§ What this task involves
Restate word for word the lines of the material below, from the line with "Set of 8 Multicolor" to the line with "Exposed lightbulbs nestle", both lines included, and no others.

§ Data listing
▬▬▬▬▬▬
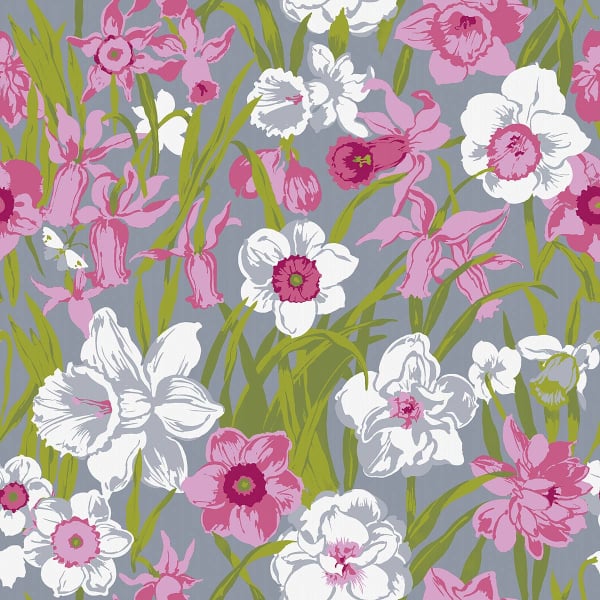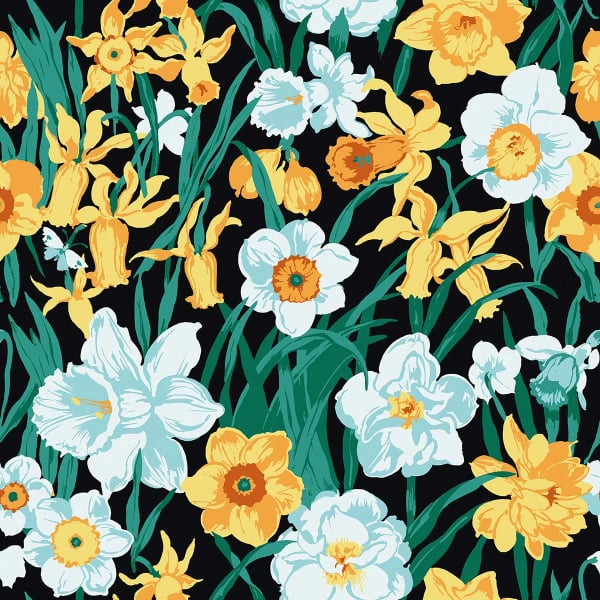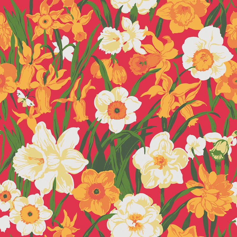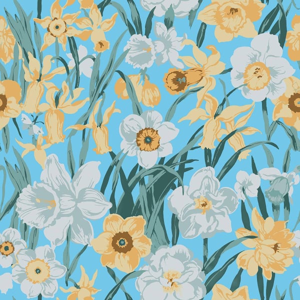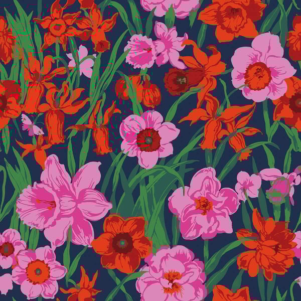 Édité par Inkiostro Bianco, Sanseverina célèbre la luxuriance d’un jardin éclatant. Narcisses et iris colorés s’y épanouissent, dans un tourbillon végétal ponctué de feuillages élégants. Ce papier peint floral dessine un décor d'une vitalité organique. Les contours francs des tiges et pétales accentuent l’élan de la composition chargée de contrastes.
▬▬▬▬▬▬
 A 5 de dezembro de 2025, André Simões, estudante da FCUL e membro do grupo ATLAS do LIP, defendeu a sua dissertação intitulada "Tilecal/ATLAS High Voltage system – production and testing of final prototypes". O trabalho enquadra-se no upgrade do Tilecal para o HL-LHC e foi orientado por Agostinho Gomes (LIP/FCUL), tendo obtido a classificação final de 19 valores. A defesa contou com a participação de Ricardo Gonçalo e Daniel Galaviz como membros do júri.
▬▬▬▬▬▬
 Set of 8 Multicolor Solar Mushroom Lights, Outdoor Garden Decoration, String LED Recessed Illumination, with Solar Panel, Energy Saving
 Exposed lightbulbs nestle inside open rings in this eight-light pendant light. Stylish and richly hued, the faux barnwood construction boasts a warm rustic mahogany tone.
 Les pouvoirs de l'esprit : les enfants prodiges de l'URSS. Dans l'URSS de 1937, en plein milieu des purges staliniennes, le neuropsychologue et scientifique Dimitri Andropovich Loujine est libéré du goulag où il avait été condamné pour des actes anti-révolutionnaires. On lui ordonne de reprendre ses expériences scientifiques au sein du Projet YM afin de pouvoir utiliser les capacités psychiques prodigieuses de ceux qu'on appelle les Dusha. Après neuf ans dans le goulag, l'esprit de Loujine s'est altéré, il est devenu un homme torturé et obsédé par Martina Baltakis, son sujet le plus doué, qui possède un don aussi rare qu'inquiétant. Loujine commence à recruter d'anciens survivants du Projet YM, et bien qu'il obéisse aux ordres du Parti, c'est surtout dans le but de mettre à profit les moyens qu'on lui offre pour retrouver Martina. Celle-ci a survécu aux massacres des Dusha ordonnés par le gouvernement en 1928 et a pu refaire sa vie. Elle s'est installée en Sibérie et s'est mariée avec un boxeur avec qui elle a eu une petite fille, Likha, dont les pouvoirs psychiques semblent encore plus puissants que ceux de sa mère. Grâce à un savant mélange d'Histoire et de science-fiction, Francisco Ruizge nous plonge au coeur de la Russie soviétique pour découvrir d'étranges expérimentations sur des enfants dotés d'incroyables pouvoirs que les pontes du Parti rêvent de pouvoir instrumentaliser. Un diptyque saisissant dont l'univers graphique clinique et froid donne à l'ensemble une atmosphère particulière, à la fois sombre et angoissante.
▬▬▬▬▬▬
§ Your solution
 Set of 8 Multicolor Solar Mushroom Lights, Outdoor Garden Decoration, String LED Recessed Illumination, with Solar Panel, Energy Saving
 Exposed lightbulbs nestle inside open rings in this eight-light pendant light. Stylish and richly hued, the faux barnwood construction boasts a warm rustic mahogany tone.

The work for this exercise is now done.